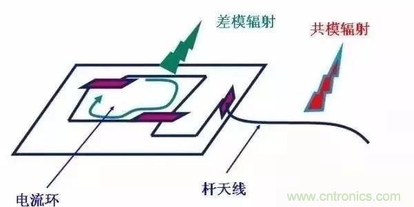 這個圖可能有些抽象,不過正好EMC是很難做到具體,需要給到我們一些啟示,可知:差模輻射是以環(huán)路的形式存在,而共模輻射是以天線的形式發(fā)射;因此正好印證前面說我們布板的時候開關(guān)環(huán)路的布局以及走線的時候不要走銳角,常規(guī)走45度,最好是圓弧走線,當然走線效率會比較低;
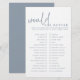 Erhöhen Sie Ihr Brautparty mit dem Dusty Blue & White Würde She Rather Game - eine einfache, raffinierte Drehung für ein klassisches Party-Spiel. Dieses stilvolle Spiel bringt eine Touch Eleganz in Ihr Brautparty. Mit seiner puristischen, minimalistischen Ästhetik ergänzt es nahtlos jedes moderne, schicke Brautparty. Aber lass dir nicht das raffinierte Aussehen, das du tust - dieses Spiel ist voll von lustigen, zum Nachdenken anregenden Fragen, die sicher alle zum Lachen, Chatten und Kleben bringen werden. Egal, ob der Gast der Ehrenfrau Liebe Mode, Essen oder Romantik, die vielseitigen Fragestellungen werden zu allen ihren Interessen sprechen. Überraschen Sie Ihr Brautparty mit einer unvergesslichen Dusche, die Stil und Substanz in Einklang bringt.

...

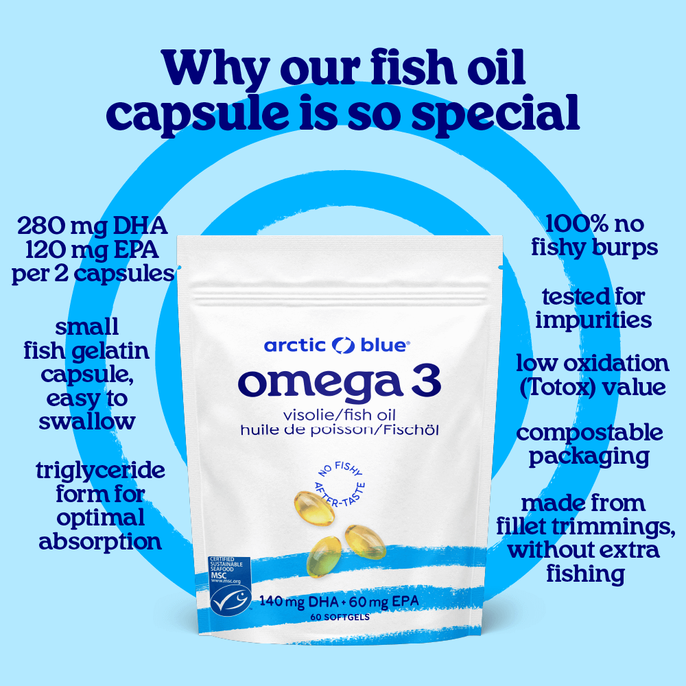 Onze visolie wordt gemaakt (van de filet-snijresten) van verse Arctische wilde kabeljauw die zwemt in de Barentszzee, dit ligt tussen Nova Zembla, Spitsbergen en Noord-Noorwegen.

THE PROBLEM: Look through the material above. Transcribe exactly the lines between the ones with "這個圖可能有些抽象,不過正好" and "Erhöhen Sie Ihr", inclusive, and keep pictures out.

REPLY TO THE TASK:
 這個圖可能有些抽象,不過正好EMC是很難做到具體,需要給到我們一些啟示,可知:差模輻射是以環(huán)路的形式存在,而共模輻射是以天線的形式發(fā)射;因此正好印證前面說我們布板的時候開關(guān)環(huán)路的布局以及走線的時候不要走銳角,常規(guī)走45度,最好是圓弧走線,當然走線效率會比較低;
 Erhöhen Sie Ihr Brautparty mit dem Dusty Blue & White Würde She Rather Game - eine einfache, raffinierte Drehung für ein klassisches Party-Spiel. Dieses stilvolle Spiel bringt eine Touch Eleganz in Ihr Brautparty. Mit seiner puristischen, minimalistischen Ästhetik ergänzt es nahtlos jedes moderne, schicke Brautparty. Aber lass dir nicht das raffinierte Aussehen, das du tust - dieses Spiel ist voll von lustigen, zum Nachdenken anregenden Fragen, die sicher alle zum Lachen, Chatten und Kleben bringen werden. Egal, ob der Gast der Ehrenfrau Liebe Mode, Essen oder Romantik, die vielseitigen Fragestellungen werden zu allen ihren Interessen sprechen. Überraschen Sie Ihr Brautparty mit einer unvergesslichen Dusche, die Stil und Substanz in Einklang bringt.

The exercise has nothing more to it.